Bug-Eared: Human and Insect Ears Share Similar Structures
2012 11 22

By Marissa Fessenden | ScientificAmerican.com

In a noteworthy example of convergent evolution, Katydid ears have evolved components resembling those of humans, albeit on a much smaller scale



A rainforest katydid has ears that evolved to be remarkably like those of humans and other mammals. The insect’s hearing organ, although tucked in the crook of its front legs, has components that echo the structures of our own middle and inner ear, researchers have discovered.

In humans the outer portion of the ear gathers sound waves and funnels them toward the thin membrane of the eardrum, also called the tympanic membrane. The eardrum’s vibrations translate the pressure waves of sound to the three smallest bones in our body—the hammer, anvil and stirrup bones—which shake against a snail shell-shaped organ called the cochlea, whose curves are lined with sensory-cell hairs. The wiggling bones outside jiggle liquid inside the organ and trigger those cells, which send signals to the brain via the auditory nerve. Hair cells that respond to high frequencies are closest to the origin of wave propagation and cells that respond to low frequencies are located deeper within the cochlea.

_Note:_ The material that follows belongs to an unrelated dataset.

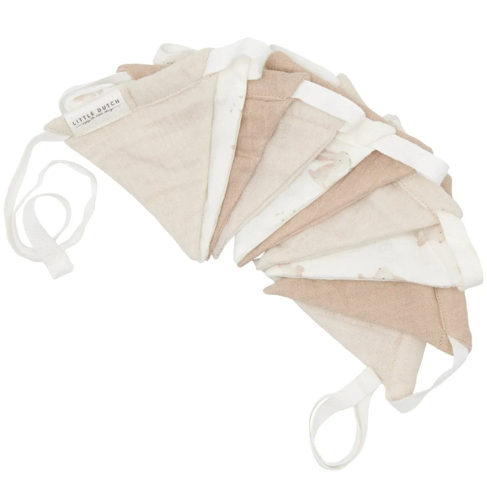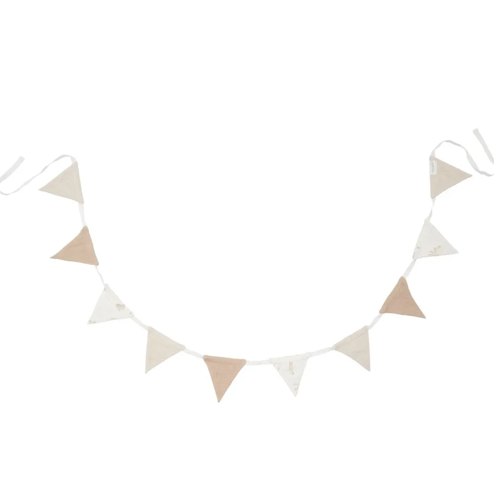 Vrolijk de babykamer op met deze mooie slinger van vlaggetjes. Wie zegt dat slingers alleen voor feestjes zijn?! Ze fleuren een kamer meteen op. Aan de muur, om de klamboe, op een boekenplank of ter versiering van een speeltent. Ga creatief aan de slag met deze charmante stoffen slinger in zachte kleuren. De slinger is gemaakt van 100% biologisch katoen en heeft een lengte van 200 cm.

Copiphora gorgonensis is a yellow-orange–faced katydid from Gorgona Island in Colombia. The insect’s hearing organ comprises a tympanic membrane that connects to a thin cuticle plate. Sound waves rock the tympanum and thus the cuticle plate like a seesaw. But the seesaw is lopsided, with the fulcrum closer to one end. This setup translates larger movements from air pressure waves to smaller, more powerful motions in the cuticle plate. The plate creates ripples in a fluid-filled chamber akin to an unfurled cochlea. Inside this chamber sensory cells are arranged like a keyboard from high- to low-frequency sensitivity.



The cuticle plate plays the same role as the tiny hammer, anvil and stirrup of mammalian ears, but in miniature. The katydid’s entire ear spans just 600 microns, a U.K.-based research team reports in the November 16 issue of Science. (A micron is one millionth of a meter.)